Update: A Sneak Peek of the Source

2014-04-03 | Dagger Team

Since our last post, we have received lots of comments, asking why we didn't release the source code yet. The simple answer is: we didn't believe it was ready. As a matter of fact, we still think it isn't. Long story short, we didn't have a lot of time to work on the project; the last few months were pretty hectic for us grad school students. But enough excuses! Since we're back to work on the project, we decided to open the source code starting from now.

There is obviously a tremendous amount of work left to do; we got to a very good stage last summer, with a good part of the LLVM testsuite running under our binary->IR->JIT dynamic binary translator. During development, lots of problems and corner cases came up; we'll start documenting them on this website. As always, contributions/questions are very welcome! We don't want to burden the LLVM mailing lists with our still-unmerged work, so you can contact us at dagger repzret.org.

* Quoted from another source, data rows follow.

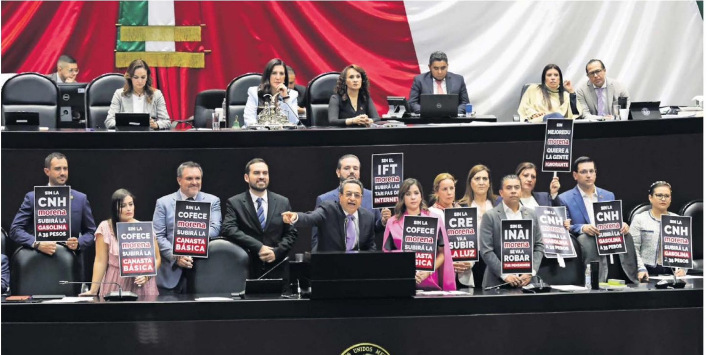
Los diputados de oposición señalaron que la reforma constitucional afectará la transparencia y la evaluación de las políticas públicas del gobierno federal.
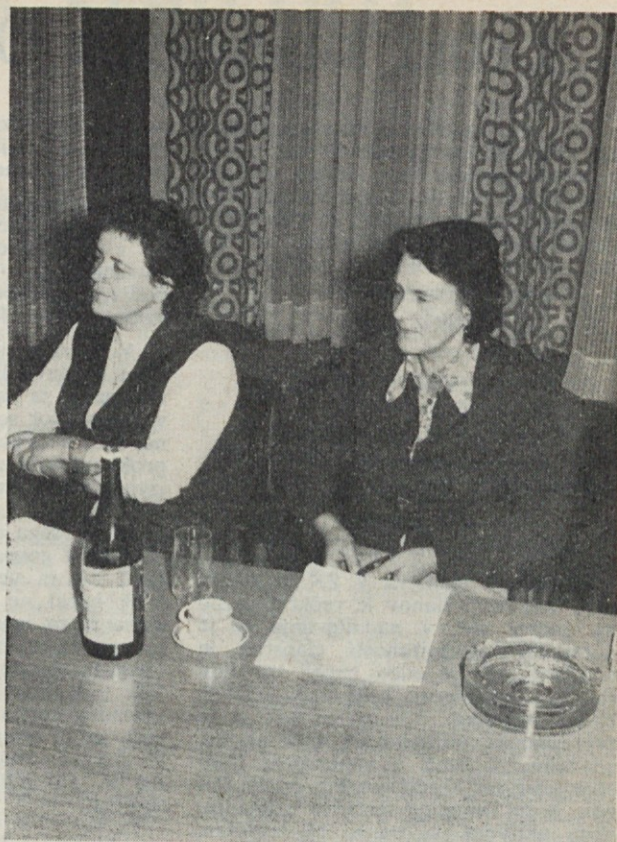
DS — sprejemanje plana
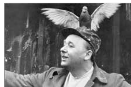
Z filmu Ostré sledované vlaky

Again, our intention is to have something useful and good enough to be merged into LLVM. Thus, our work is on a fork of the llvm git, which we rebase onto every once in a while. But enough talk, get the code:

git clone http://repzret.org/git/dagger.git
cd dagger
mkdir build
cd build
cmake ..
make

Right now, only X86-64 is supported; the best working object file format being mach-o. Remember, this isn't a "release", so lots of smaller (configure) or bigger (building on other architectures) things might be missing.

The easiest thing to try out would be to run llvm-dc on a yaml MCModule; for that, see the DC testcases. Another interesting usage might be to run the static translator, llvm-dec, on a full mach-o binary. Finally, the ultimate step is to run the dynamic translator, DYN, on a mach-o executable: that is done by setting the DYLD_INSERT_LIBRARY environment variable to the path of the DYN.dylib file in the build/bin directory. Depending on the version of clang, C runtime, the C++ standard library, etc.., there might be problems. For instance, we're aware of a limitation (lack of support for weak internally defined function symbols) that seems to be triggered by recent versions of the OS X toolchain; we're working on it.

The good news is, after a pretty long hiatus, we're back on the project!